> _WORK ORDER_
Reproduce the top of the data verbatim, through and including the line that contains "ゴールドトーンのチェーンに「".

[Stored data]
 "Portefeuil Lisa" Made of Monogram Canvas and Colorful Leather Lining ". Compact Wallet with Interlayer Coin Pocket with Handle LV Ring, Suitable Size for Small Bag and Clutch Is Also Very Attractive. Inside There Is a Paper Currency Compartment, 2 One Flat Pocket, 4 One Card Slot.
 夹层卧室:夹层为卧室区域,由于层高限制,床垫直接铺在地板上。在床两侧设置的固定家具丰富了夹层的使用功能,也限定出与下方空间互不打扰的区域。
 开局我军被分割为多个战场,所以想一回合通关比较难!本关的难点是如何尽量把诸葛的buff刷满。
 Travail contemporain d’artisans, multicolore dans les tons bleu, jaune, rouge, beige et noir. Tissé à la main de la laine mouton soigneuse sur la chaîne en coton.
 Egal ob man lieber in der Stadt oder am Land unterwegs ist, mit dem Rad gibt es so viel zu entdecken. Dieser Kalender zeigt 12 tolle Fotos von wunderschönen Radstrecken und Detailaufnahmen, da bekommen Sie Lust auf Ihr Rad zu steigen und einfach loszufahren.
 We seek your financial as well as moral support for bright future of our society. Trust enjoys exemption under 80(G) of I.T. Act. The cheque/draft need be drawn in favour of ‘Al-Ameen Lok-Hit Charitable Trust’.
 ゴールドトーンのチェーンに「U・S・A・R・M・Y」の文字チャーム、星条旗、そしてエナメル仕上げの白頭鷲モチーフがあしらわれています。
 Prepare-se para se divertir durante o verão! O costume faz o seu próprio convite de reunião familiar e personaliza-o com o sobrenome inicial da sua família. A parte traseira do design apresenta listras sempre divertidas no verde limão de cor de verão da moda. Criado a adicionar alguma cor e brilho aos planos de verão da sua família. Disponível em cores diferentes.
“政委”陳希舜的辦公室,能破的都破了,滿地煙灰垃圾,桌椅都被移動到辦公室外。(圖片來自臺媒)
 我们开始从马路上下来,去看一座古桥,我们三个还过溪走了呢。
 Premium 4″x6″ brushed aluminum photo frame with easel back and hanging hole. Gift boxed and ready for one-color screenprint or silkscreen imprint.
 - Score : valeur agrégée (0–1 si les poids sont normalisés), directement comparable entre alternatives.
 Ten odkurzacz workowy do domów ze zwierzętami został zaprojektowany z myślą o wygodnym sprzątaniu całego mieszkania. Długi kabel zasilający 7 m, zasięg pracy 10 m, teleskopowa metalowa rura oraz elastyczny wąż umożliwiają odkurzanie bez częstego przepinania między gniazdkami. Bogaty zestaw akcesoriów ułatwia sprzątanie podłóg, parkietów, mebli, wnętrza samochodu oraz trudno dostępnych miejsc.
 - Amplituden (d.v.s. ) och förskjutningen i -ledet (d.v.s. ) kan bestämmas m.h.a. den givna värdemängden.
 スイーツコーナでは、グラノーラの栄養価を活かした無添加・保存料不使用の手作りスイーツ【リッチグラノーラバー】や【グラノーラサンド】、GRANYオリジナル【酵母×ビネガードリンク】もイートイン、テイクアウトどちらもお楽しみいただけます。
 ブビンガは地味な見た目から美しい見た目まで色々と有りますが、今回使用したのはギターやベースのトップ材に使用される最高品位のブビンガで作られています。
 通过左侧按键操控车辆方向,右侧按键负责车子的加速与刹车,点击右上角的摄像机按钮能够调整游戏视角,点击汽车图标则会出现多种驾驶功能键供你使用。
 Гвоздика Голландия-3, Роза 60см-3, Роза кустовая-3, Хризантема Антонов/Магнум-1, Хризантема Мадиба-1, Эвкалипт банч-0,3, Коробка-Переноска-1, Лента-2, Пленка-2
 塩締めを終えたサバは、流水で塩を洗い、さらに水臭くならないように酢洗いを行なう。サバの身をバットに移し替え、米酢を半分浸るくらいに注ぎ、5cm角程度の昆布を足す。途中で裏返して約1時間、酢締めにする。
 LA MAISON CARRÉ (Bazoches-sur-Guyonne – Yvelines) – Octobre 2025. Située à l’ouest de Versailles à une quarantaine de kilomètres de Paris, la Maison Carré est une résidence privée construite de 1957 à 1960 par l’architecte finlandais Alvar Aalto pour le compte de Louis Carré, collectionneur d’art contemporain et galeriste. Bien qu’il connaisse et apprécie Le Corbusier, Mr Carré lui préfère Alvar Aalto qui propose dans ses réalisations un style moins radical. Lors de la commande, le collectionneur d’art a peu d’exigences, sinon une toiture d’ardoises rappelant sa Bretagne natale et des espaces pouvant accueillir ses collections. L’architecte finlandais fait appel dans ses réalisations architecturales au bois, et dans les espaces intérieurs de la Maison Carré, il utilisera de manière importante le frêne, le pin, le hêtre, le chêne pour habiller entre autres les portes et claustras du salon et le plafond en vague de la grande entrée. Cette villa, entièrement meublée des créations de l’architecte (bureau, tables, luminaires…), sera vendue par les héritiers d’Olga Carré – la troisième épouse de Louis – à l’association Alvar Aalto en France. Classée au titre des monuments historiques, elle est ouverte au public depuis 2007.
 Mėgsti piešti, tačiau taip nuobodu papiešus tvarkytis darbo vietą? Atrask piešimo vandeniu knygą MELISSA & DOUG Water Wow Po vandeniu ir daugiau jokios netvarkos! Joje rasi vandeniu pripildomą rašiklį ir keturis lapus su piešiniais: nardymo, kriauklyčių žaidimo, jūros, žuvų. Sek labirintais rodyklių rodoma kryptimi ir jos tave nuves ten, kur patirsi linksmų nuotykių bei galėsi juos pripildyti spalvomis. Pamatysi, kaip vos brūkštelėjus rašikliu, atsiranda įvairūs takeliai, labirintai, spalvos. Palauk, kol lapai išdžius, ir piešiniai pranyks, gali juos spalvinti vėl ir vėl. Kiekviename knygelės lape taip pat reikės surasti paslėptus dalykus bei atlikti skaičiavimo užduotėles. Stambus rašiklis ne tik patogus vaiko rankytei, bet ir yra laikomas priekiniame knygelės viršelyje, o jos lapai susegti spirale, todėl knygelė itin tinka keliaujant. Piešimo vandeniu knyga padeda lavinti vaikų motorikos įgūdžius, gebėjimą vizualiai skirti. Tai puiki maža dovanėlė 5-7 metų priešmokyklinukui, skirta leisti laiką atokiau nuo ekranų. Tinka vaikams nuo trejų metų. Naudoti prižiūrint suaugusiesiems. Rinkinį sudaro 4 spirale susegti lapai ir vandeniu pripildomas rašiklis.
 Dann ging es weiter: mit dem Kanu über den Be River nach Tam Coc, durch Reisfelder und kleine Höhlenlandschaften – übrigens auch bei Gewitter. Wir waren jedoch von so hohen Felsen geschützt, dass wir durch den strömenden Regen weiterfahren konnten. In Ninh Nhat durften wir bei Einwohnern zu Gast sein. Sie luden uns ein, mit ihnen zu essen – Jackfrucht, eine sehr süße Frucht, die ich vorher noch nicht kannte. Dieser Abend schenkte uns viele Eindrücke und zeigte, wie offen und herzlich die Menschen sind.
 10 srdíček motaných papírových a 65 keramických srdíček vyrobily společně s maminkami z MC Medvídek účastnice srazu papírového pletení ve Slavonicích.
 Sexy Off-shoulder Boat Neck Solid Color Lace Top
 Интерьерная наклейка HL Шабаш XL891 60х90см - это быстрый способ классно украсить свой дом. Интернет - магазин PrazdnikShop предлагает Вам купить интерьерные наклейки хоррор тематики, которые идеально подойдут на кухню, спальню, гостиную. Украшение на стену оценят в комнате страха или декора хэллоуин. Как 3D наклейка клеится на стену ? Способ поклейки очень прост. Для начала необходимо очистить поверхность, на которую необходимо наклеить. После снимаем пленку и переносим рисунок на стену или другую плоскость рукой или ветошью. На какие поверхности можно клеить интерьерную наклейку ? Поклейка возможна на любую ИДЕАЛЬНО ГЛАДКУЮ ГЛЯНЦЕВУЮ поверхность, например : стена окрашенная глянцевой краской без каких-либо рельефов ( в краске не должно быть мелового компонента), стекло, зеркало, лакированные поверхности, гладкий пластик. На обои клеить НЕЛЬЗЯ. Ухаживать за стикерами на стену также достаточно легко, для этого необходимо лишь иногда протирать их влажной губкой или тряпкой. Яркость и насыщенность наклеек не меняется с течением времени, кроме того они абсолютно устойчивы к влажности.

> _PROBLEM SOLUTION_
 "Portefeuil Lisa" Made of Monogram Canvas and Colorful Leather Lining ". Compact Wallet with Interlayer Coin Pocket with Handle LV Ring, Suitable Size for Small Bag and Clutch Is Also Very Attractive. Inside There Is a Paper Currency Compartment, 2 One Flat Pocket, 4 One Card Slot.
 夹层卧室:夹层为卧室区域,由于层高限制,床垫直接铺在地板上。在床两侧设置的固定家具丰富了夹层的使用功能,也限定出与下方空间互不打扰的区域。
 开局我军被分割为多个战场,所以想一回合通关比较难!本关的难点是如何尽量把诸葛的buff刷满。
 Travail contemporain d’artisans, multicolore dans les tons bleu, jaune, rouge, beige et noir. Tissé à la main de la laine mouton soigneuse sur la chaîne en coton.
 Egal ob man lieber in der Stadt oder am Land unterwegs ist, mit dem Rad gibt es so viel zu entdecken. Dieser Kalender zeigt 12 tolle Fotos von wunderschönen Radstrecken und Detailaufnahmen, da bekommen Sie Lust auf Ihr Rad zu steigen und einfach loszufahren.
 We seek your financial as well as moral support for bright future of our society. Trust enjoys exemption under 80(G) of I.T. Act. The cheque/draft need be drawn in favour of ‘Al-Ameen Lok-Hit Charitable Trust’.
 ゴールドトーンのチェーンに「U・S・A・R・M・Y」の文字チャーム、星条旗、そしてエナメル仕上げの白頭鷲モチーフがあしらわれています。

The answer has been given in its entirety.